We alter $h: ||\Delta|| \rightarrow B^n$, which is weakly antipodal on the boundary, to a homeomorphism $h': ||\Delta|| \rightarrow B^n$ that is antipodal on the boundary. In fact, it is sufficient to construct an antipodal homeomorphism $h'|_E: E\rightarrow \partial B^n$. That's because we know that $E\cong \partial B^n$ and $||\Delta||\cong B^n$, and any homeomorphism $S^{n-1}\rightarrow S^{n-1}$ extends to a homeomorphism $B^n\rightarrow B^n$.\footnote{For instance, for $f: S^{n-1}\rightarrow S^{n-1}$, $x\in S^{n-1}$ a vector, and $r\in[0,1]$ a scalar, a point in $B^n$ is identified by some $rx$. So define $g: B^n\rightarrow B^n$ by $F(rx)=rf(x)$.} So a triangulation of $S^{n-1}$ by $E$ extends to a triangulation of $B^n$ by $||\Delta||$, and if the former map is antipodal, the latter map will be antipodal on the boundary.

We show the existence of such an antipodal $h'|_{E}$ by a list of homeomorphisms $h_i: E\rightarrow S^{n-1}$ for $0\leq i\leq n-1$, with $h_0:=h|_E$ and $h'|_{E}:=h_{n-1}$. The \textit{first condition} on this list is that $h_i$ is antipodal on all points of $E$ that are in a $i$-simplex. The \textit{second condition} to keep track of is that for $U\subseteq S^{n-1}$, $h^{-1}_i(U)$ is a simplex if and only if $h^{-1}_0(U)$ is a simplex, and if so, they're the same simplex. We show the list's existence by induction.

The base case is easy: because a $0$-simplex consists of a single point, $h_0$ is definitionally antipodal on all points in $0$-simplices, and the second condition is tautological.

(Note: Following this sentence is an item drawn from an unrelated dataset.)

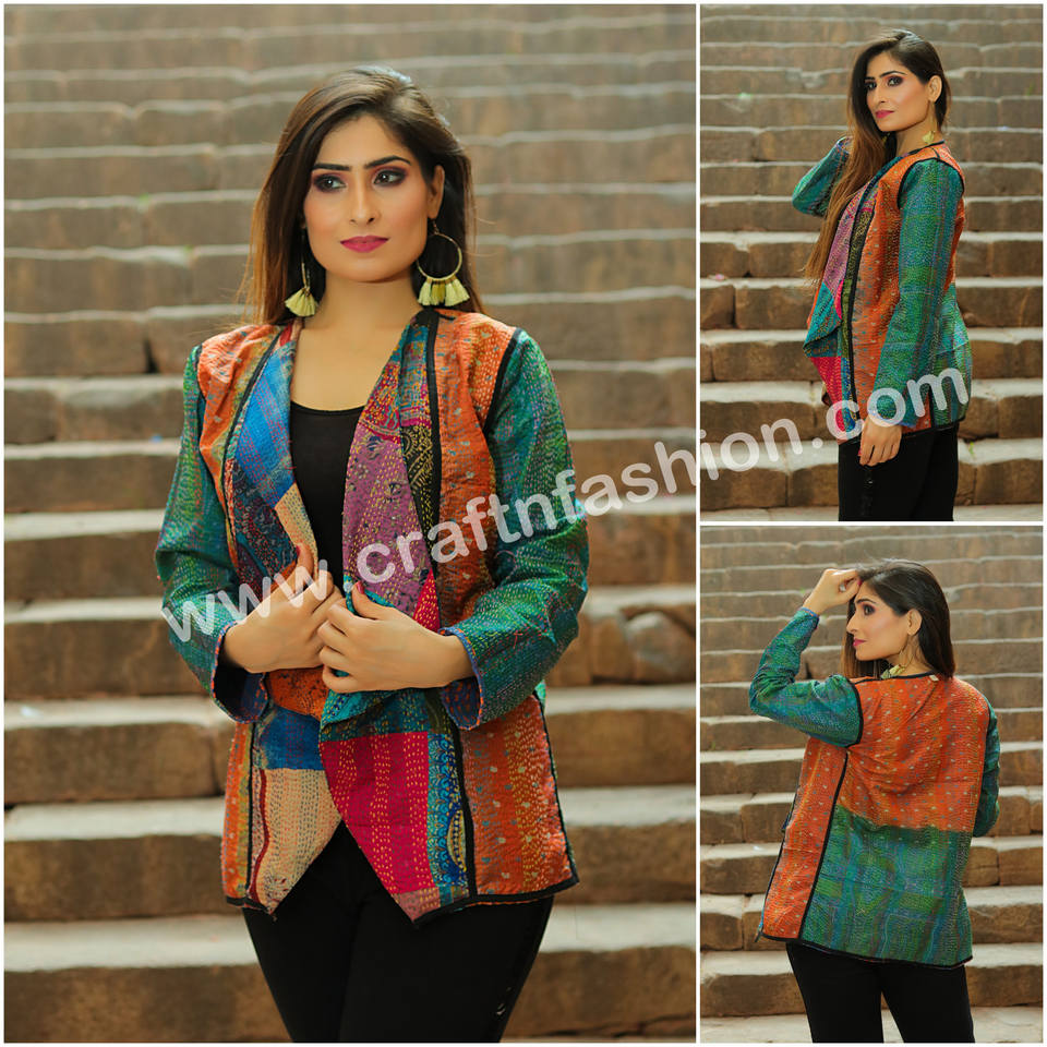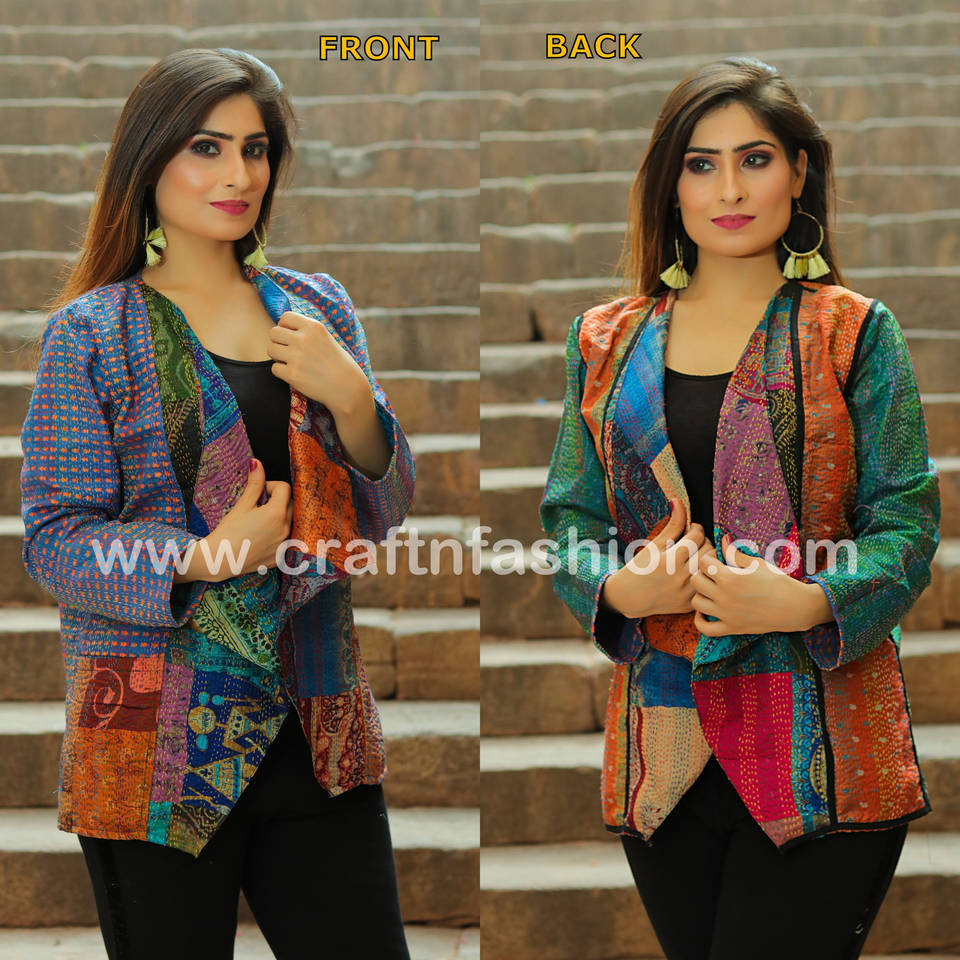 Kantha Shrug งานเย็บปะผ้าไหม,เสื้อแฟชั่น Kantha Shrug ย้อนกลับได้-เสื้อยักยิปซีสไตล์อินเดีย-เสื้อกั๊ก-แจ็คเก็ต Kantha

For the inductive step, assume that $h_i$ (with $i<n-1$) satisfies the condition. Now consider the $i+1$-simplices of $E$. Now consider specific antipodal simplices\footnote{We're abusing notation/phrasing a little bit by allowing ``simplex'' to refer not only to a formal entity, but also to the appropriate subspaces of $||\Delta||$ that a given simplex induces. We ought to write $||\sigma||$, but that's bulky.} $\sigma, -\sigma$. Because all $i+1$-simplices are homeomorphic to $B^{i+1}$ and because $h_i$ is a homeomorphism, $\sigma \cong -\sigma \cong h_i(\sigma) \cong h_i(-\sigma) \cong B^{i+1}$. Note further that the points corresponding to the $S^i\subseteq B^{i+1}$ in this homeomorphism are those in the $i+1$-simplices $\sigma,-\sigma$ that are in $i$-simplices. So we consider the maps $h_i|_{\sigma}$ and $- \circ h_i|_{-\sigma} \circ -$. The rightmost $-$ is in $\Delta$; the leftmost is in $\partial B^n$. Thanks to the second condition on $h_i$ and the definition of Tucker triangulation, these maps have the same domain and range. Composed with homeomorphisms $B^{i+1}\rightarrow \sigma$ and $h_i(\sigma)\rightarrow B^{i+1}$, they are homeomorphisms $B^{i+1}\rightarrow B^{i+1}$ that are equal on the boundary $S^i\subseteq B^{i+1}$. It is a fact of topology, referred to as \textit{Alexander's Trick},\footnote{This term is also used for the earlier fact that a homeomorphism of spheres induces a homeomorphism of balls.} that homeomorphisms $B^{i+1}\rightarrow B^{i+1}$ are isotopic when they agree on $S^{i}$. You don't need to know what isotopic means except that it implies homotopic. The homotopy holds the boundary fixed, so it induces a homotopy from $h_i$ to an $g$ such that $g=h_i$ except on $\sigma$ and such that $g$ is antipodal on $\sigma$ (and by impliciation, on $-\sigma$). Choosing an $i+1$-simplex from each antipodal pair and repeat this process. Since the homotopies don't disturb any simplices other than whichever $i+1$-simplex they arose from, we can compose them. This composition takes $h_i$ to a function $f$ that agrees with $h_i$ on all $i$-simplices and is antipodal on all $i+1$-simplices. The function $f$ satisfies the conditions for $h_{i+1}$, so this completes the inductive step.

The list exists, so $h_{n-1}$ is an antipodal homeomorphism $h'|_E: E\rightarrow S^{n-1}$. As stated above, this is sufficient for a homeomorphism $h': ||\Delta||\rightarrow B^n$ that preserves antipodes.